▶ [PROBLEM DETAILS] Beginning with the line that contains "沪金周度下跌8.97%,原油周度上涨7.23%。", transcribe the rest of the listing below exactly, including its last line, and exclude any pictures.
────
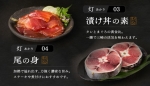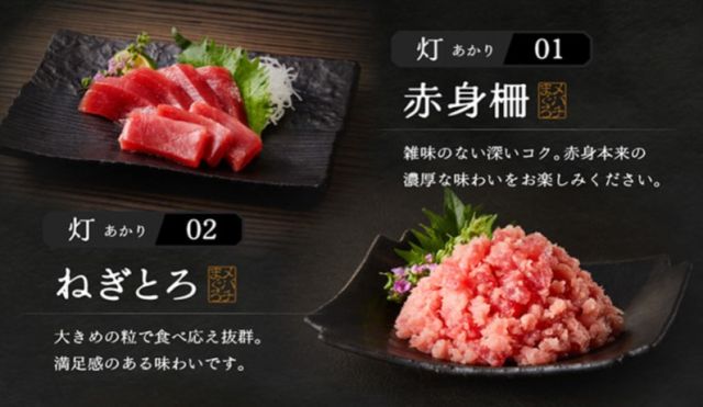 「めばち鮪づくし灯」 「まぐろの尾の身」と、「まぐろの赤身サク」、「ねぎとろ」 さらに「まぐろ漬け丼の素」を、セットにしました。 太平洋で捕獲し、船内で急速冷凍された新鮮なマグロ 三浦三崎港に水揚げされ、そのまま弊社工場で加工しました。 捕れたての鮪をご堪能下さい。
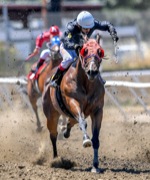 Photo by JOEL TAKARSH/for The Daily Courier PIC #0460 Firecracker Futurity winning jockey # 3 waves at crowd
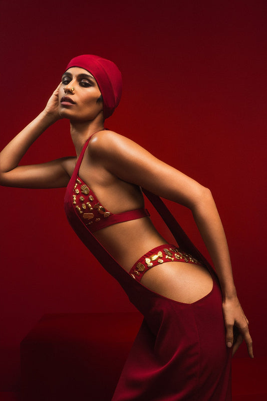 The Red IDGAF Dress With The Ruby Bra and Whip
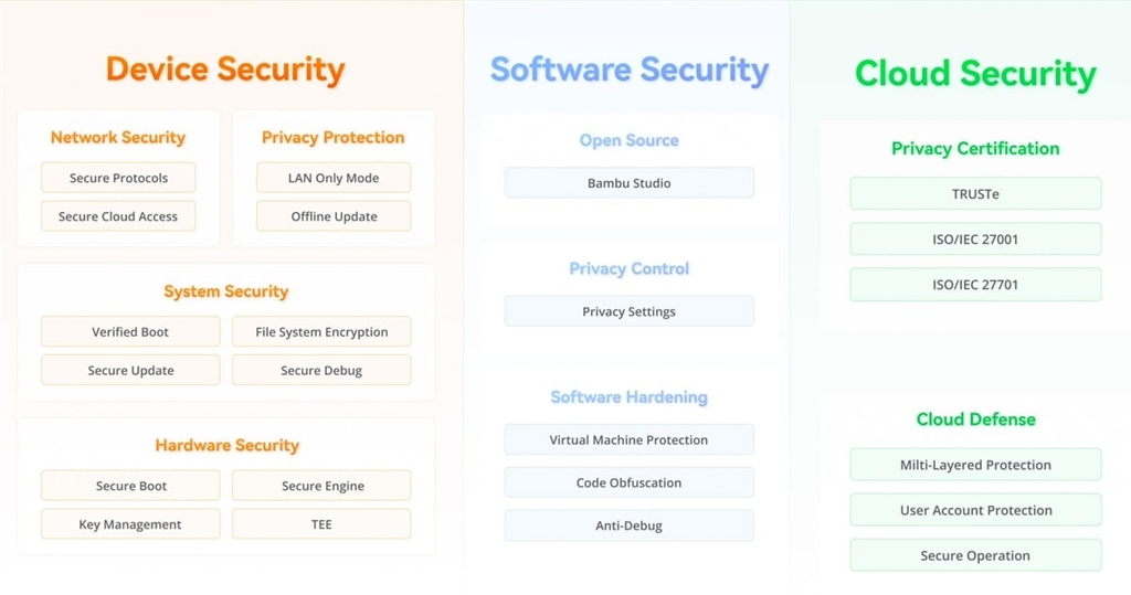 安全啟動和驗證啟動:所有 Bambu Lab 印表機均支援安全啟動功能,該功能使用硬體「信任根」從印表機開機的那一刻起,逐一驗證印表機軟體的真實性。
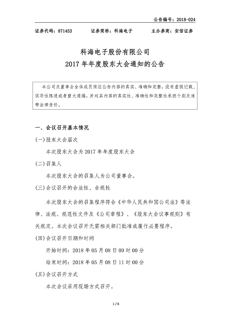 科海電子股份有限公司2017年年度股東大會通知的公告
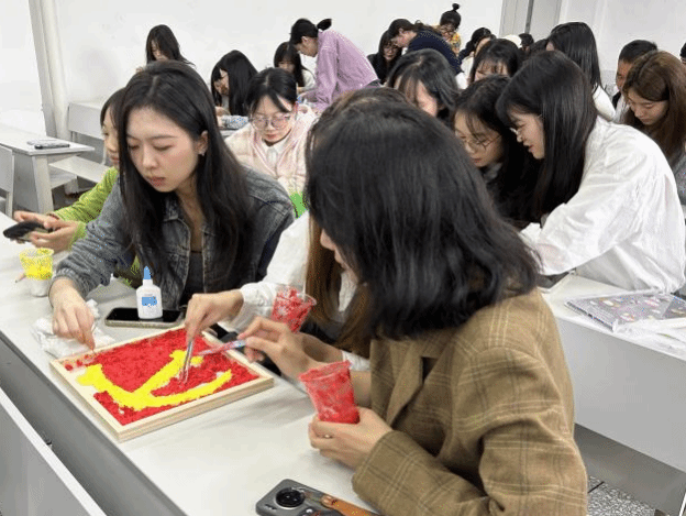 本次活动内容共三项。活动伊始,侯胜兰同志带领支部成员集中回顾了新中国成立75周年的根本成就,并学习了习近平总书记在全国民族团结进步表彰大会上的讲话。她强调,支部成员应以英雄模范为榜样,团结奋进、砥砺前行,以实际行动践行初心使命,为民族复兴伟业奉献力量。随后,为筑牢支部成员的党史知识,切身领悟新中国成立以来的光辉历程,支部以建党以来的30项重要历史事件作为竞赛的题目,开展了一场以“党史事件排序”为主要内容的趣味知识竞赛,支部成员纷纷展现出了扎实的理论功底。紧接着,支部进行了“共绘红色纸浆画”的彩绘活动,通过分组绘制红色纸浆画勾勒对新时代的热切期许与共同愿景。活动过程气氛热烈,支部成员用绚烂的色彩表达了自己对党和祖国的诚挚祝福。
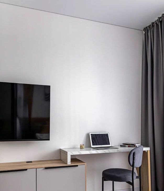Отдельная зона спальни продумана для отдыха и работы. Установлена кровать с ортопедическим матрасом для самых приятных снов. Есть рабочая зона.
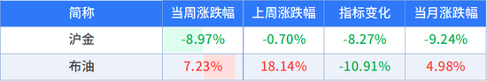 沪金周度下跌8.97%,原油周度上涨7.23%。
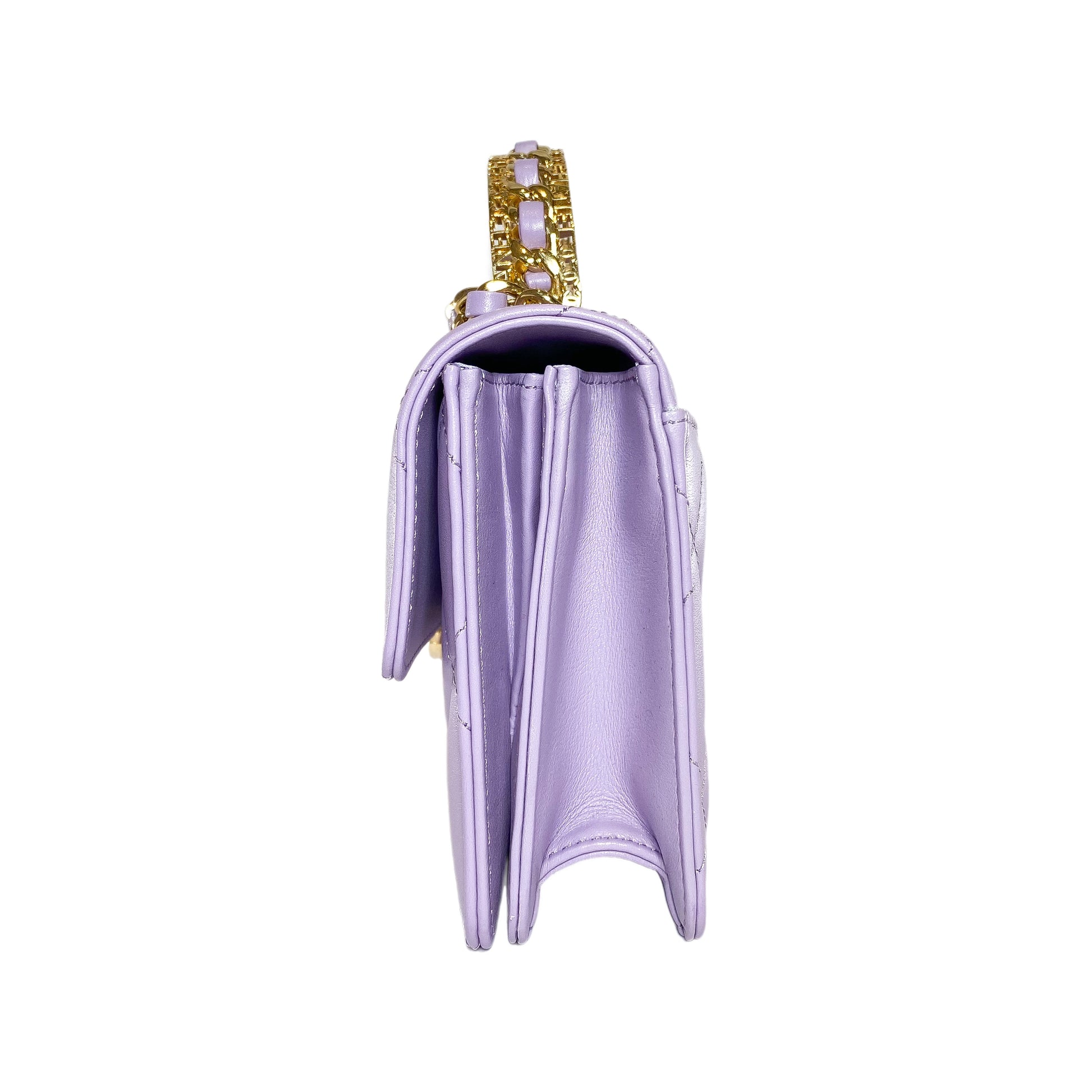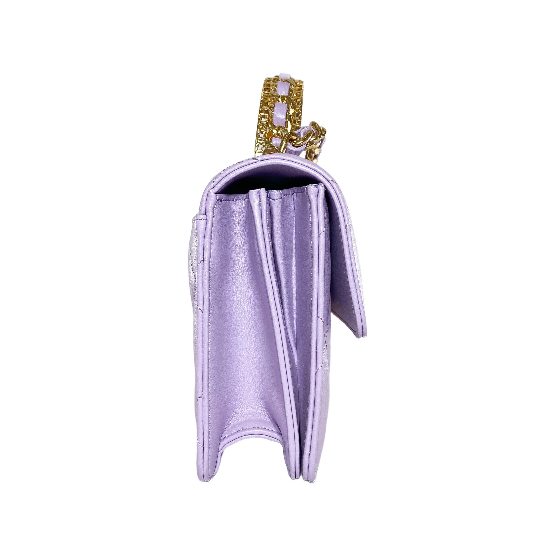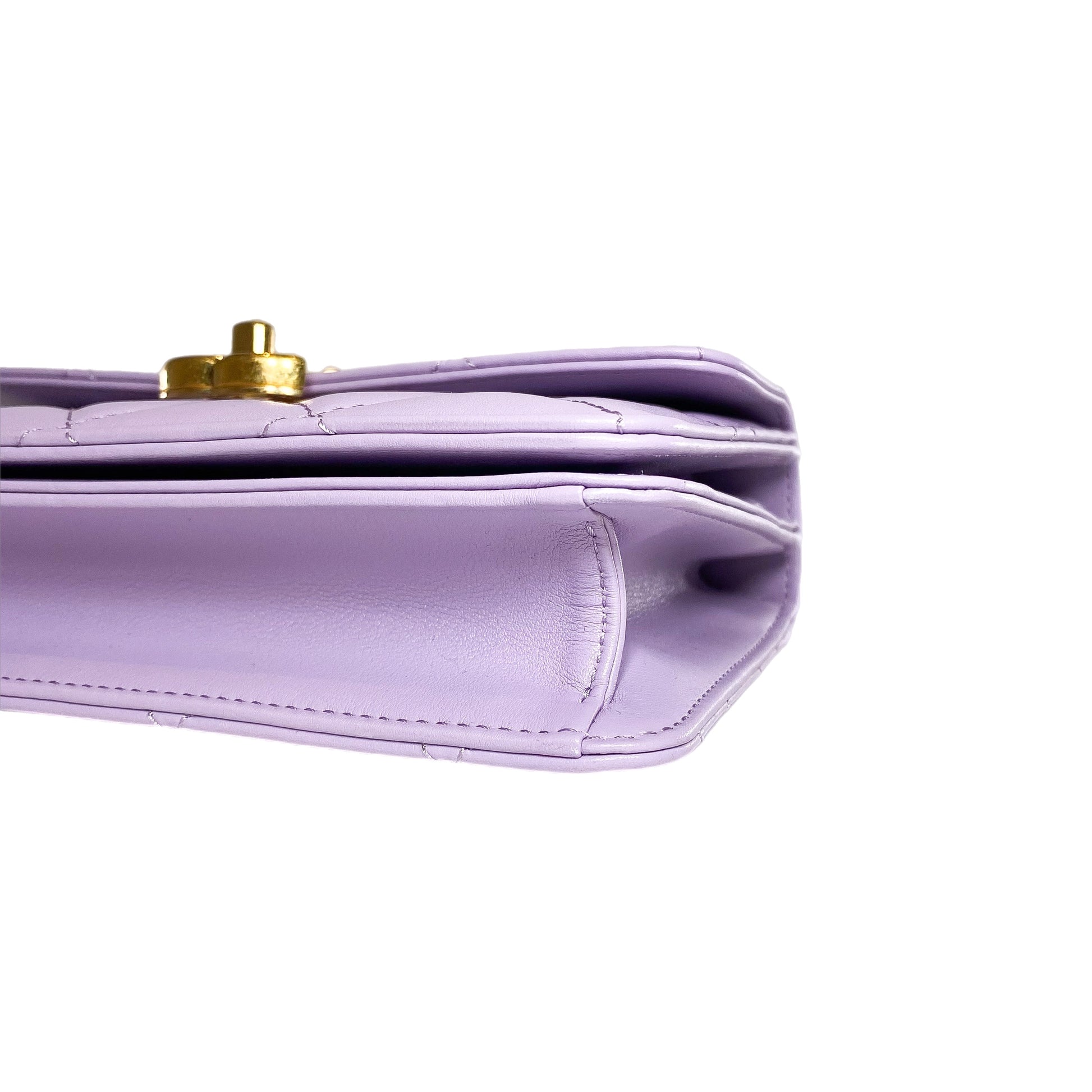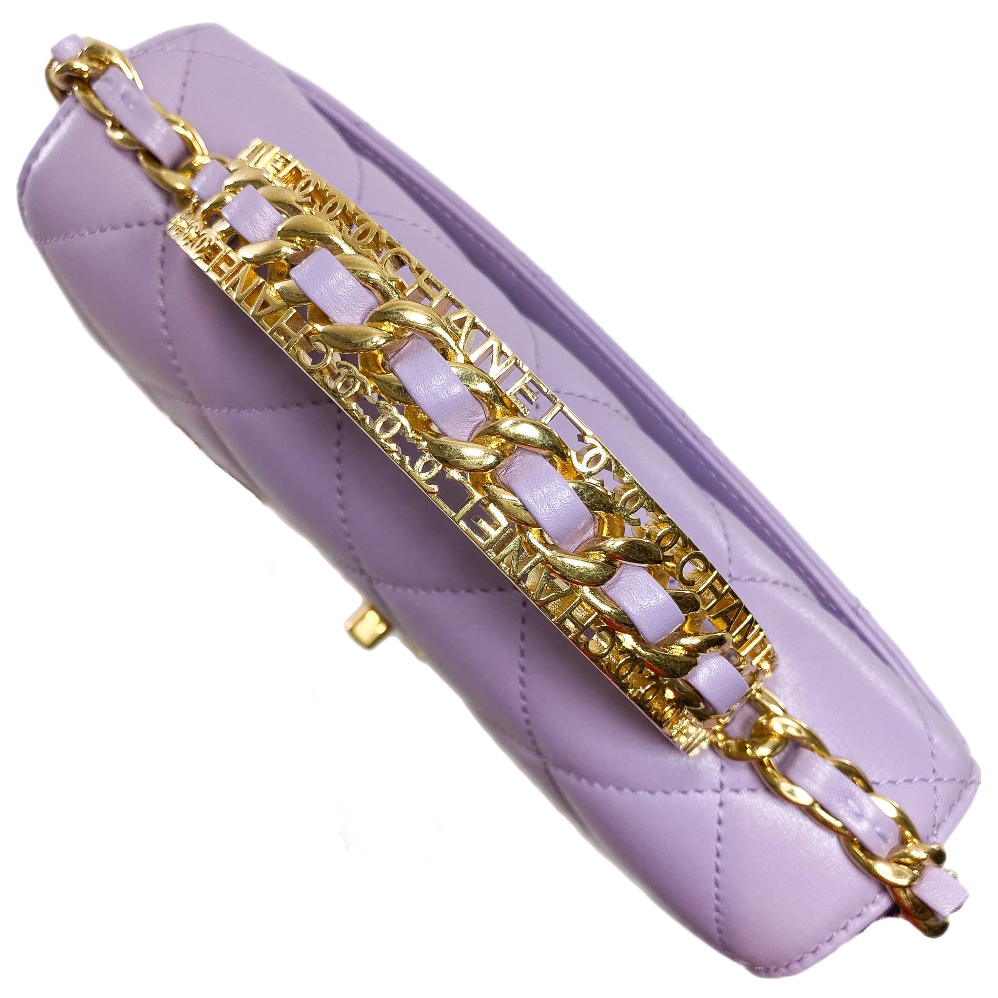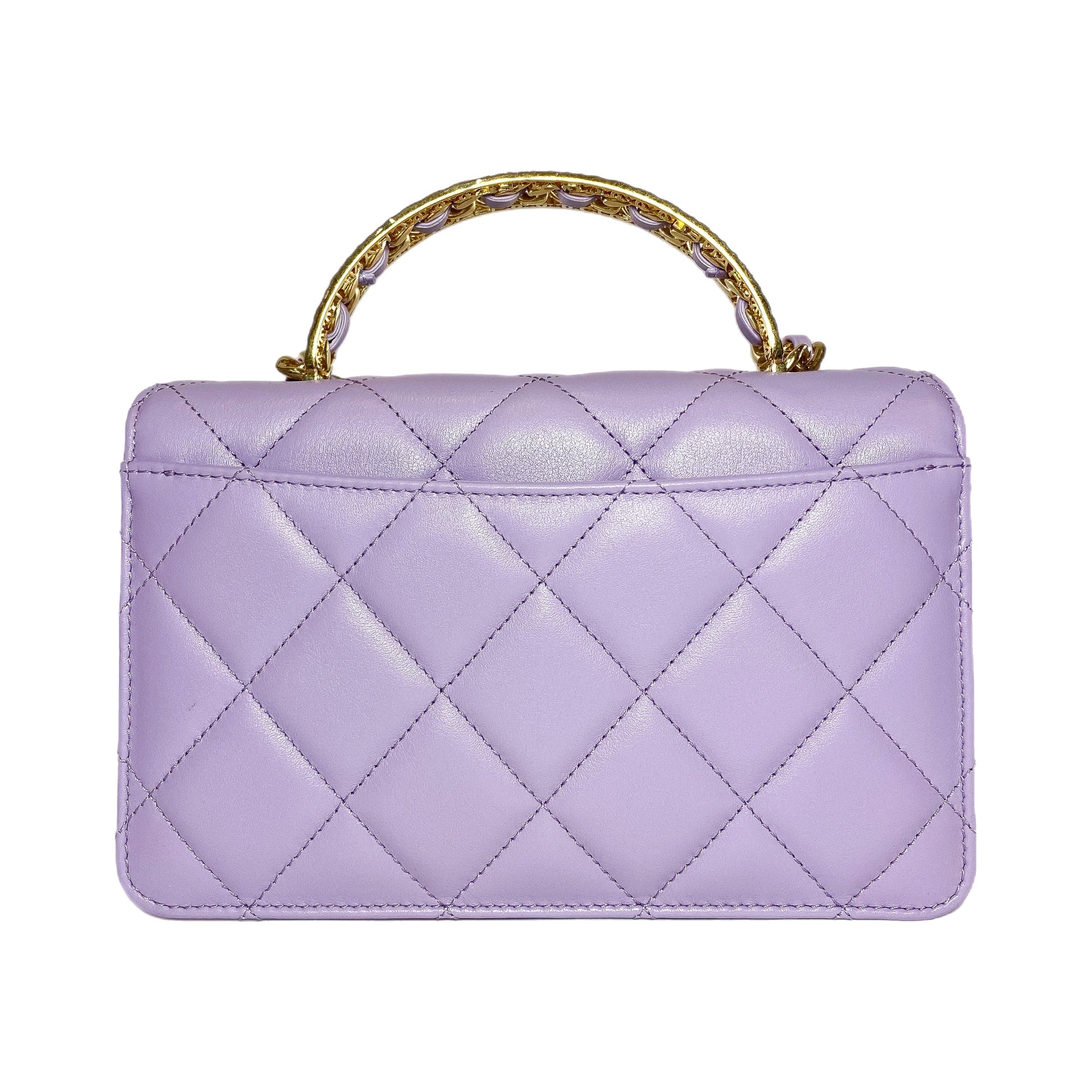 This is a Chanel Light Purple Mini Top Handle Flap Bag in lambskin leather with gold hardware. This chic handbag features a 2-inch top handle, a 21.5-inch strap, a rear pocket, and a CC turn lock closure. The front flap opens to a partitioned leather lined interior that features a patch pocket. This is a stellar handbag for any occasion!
────
▶ [SOLUTION TO THIS EXERCISE]
 沪金周度下跌8.97%,原油周度上涨7.23%。
 This is a Chanel Light Purple Mini Top Handle Flap Bag in lambskin leather with gold hardware. This chic handbag features a 2-inch top handle, a 21.5-inch strap, a rear pocket, and a CC turn lock closure. The front flap opens to a partitioned leather lined interior that features a patch pocket. This is a stellar handbag for any occasion!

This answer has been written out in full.